[Given data]:
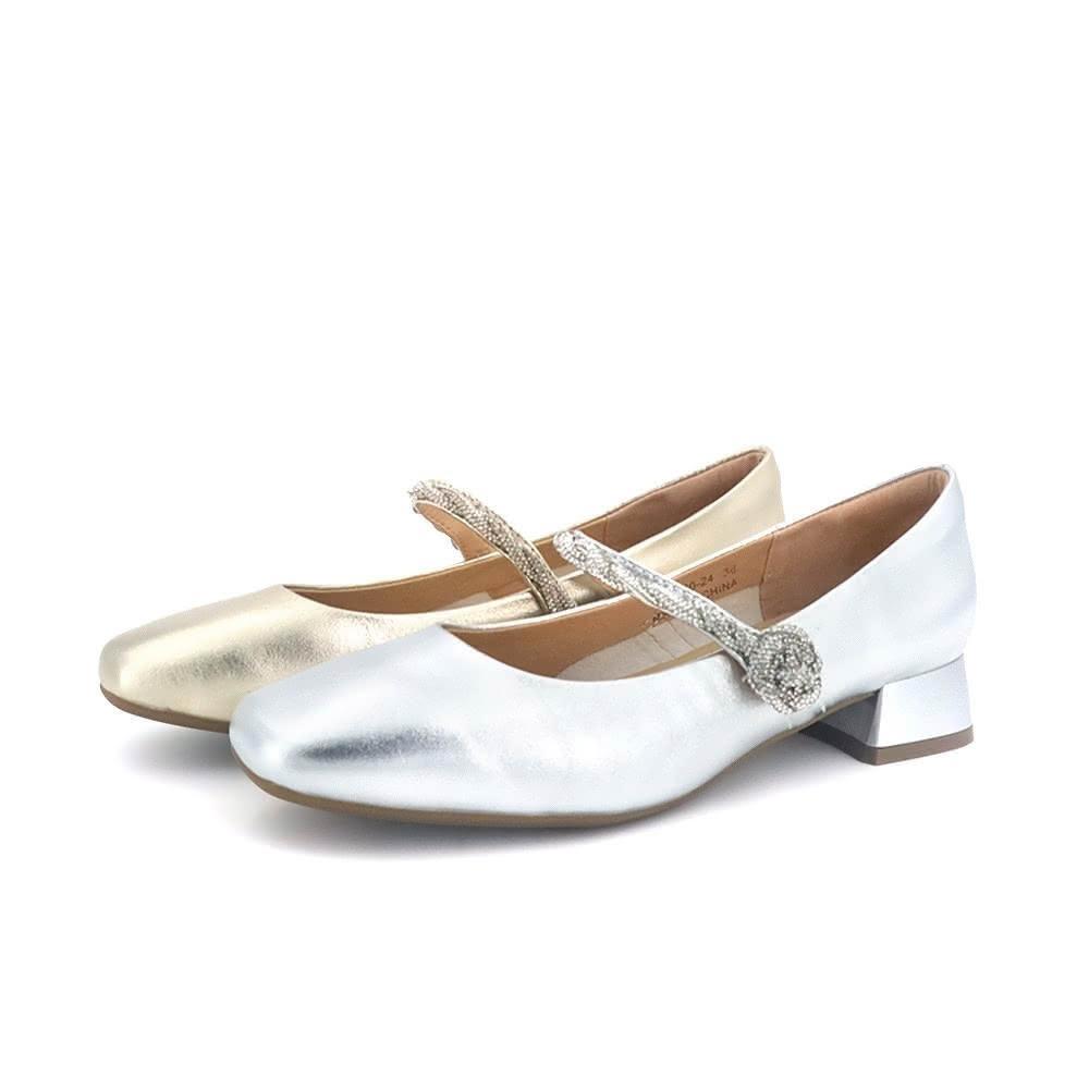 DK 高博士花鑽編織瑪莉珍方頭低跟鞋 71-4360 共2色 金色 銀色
...
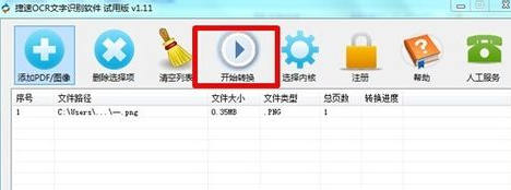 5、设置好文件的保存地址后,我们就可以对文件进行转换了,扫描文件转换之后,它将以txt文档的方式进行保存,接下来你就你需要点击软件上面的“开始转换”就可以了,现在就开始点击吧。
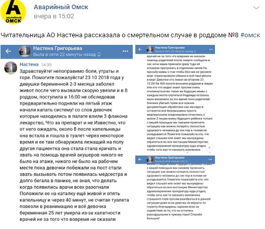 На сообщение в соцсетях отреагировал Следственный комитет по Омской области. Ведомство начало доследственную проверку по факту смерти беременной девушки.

[Work required]: Range to copy from the listing above: the line containing "5、设置好文件的保存地址后,我们就可以对" down to the line containing "На сообщение в", both included. Reproduce it exactly, minus the pictures, and add nothing.

[Your solution]:
 5、设置好文件的保存地址后,我们就可以对文件进行转换了,扫描文件转换之后,它将以txt文档的方式进行保存,接下来你就你需要点击软件上面的“开始转换”就可以了,现在就开始点击吧。
 На сообщение в соцсетях отреагировал Следственный комитет по Омской области. Ведомство начало доследственную проверку по факту смерти беременной девушки.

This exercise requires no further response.